[Records excerpted from a collection]

• • • • •

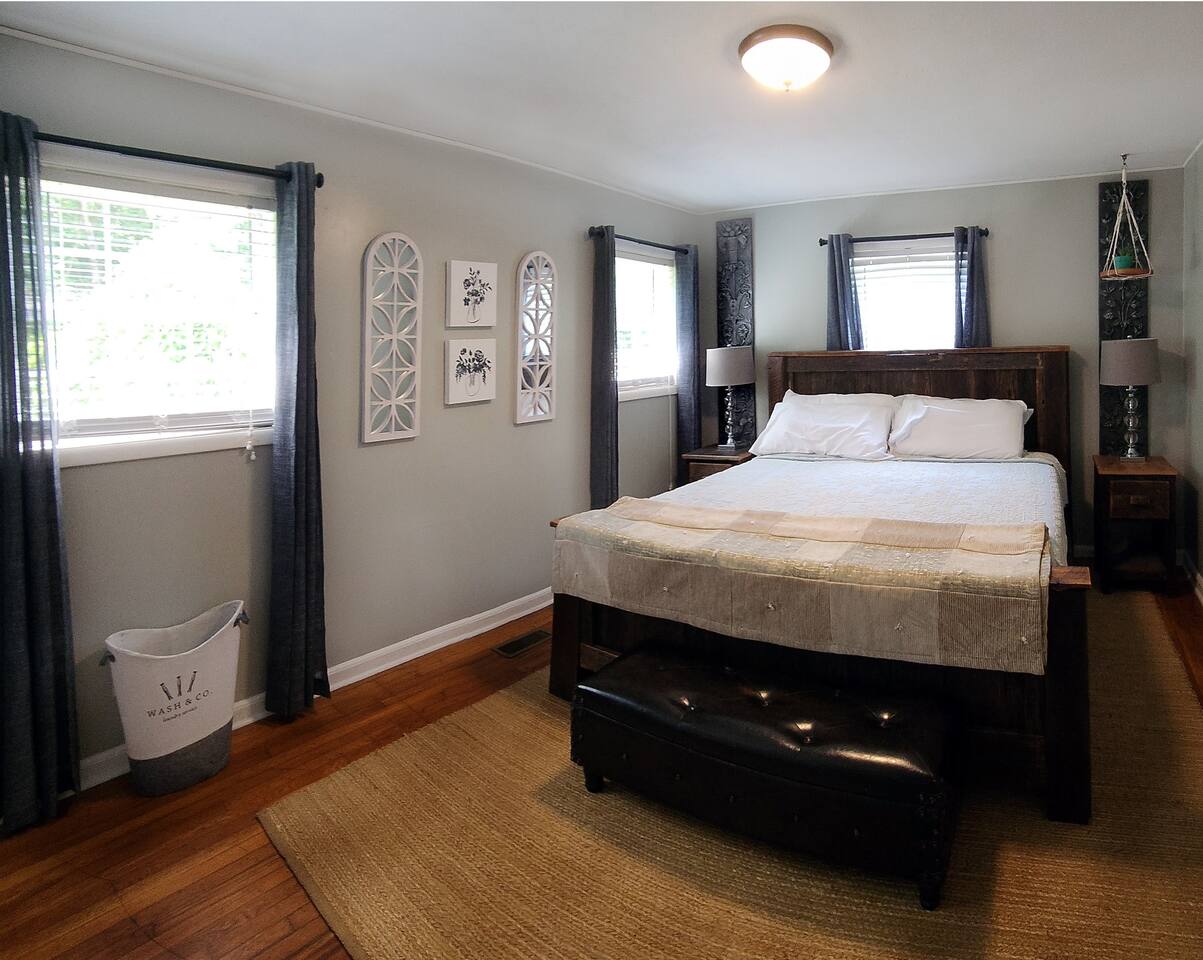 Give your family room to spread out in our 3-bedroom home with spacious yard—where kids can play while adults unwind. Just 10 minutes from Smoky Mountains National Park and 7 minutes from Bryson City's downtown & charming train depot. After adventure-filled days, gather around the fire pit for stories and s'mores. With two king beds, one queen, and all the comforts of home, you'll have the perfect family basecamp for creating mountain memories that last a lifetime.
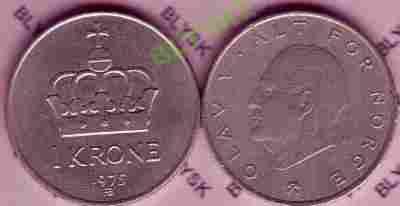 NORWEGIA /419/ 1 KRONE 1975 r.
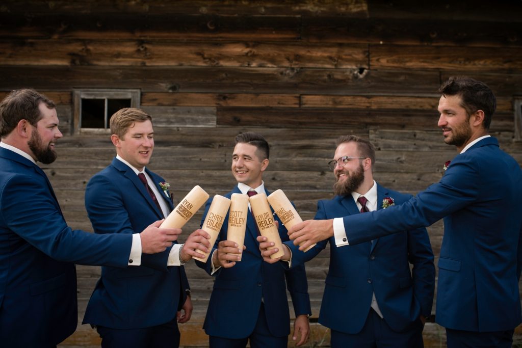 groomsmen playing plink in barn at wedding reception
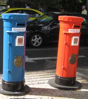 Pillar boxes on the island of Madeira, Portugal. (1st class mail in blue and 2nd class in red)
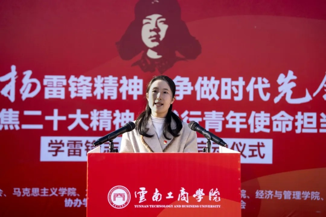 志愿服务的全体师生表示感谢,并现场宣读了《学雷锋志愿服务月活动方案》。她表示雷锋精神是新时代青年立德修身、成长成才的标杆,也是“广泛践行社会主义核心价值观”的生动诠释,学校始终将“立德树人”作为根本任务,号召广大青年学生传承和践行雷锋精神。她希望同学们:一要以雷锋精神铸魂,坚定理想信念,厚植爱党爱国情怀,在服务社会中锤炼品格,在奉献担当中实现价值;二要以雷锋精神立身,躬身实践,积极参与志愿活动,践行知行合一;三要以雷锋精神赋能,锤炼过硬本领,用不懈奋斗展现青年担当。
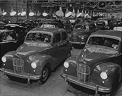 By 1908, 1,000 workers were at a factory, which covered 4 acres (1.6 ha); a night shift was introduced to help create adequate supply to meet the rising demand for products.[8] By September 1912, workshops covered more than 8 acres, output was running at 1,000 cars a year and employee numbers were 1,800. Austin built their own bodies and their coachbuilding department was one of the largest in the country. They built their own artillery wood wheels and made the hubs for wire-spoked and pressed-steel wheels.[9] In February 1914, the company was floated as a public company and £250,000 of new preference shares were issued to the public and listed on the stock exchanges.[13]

• • • • •

* **Problem to solve**
Nothing but the lines above from the one that has "NORWEGIA /419/ 1 KRONE 1975 r." down to the one that has "志愿服务的全体师生表示感谢,并现场宣读了" belongs in the answer, copied exactly, without pictures.

* **Answer to the problem**
 NORWEGIA /419/ 1 KRONE 1975 r.
 groomsmen playing plink in barn at wedding reception
 Pillar boxes on the island of Madeira, Portugal. (1st class mail in blue and 2nd class in red)
 志愿服务的全体师生表示感谢,并现场宣读了《学雷锋志愿服务月活动方案》。她表示雷锋精神是新时代青年立德修身、成长成才的标杆,也是“广泛践行社会主义核心价值观”的生动诠释,学校始终将“立德树人”作为根本任务,号召广大青年学生传承和践行雷锋精神。她希望同学们:一要以雷锋精神铸魂,坚定理想信念,厚植爱党爱国情怀,在服务社会中锤炼品格,在奉献担当中实现价值;二要以雷锋精神立身,躬身实践,积极参与志愿活动,践行知行合一;三要以雷锋精神赋能,锤炼过硬本领,用不懈奋斗展现青年担当。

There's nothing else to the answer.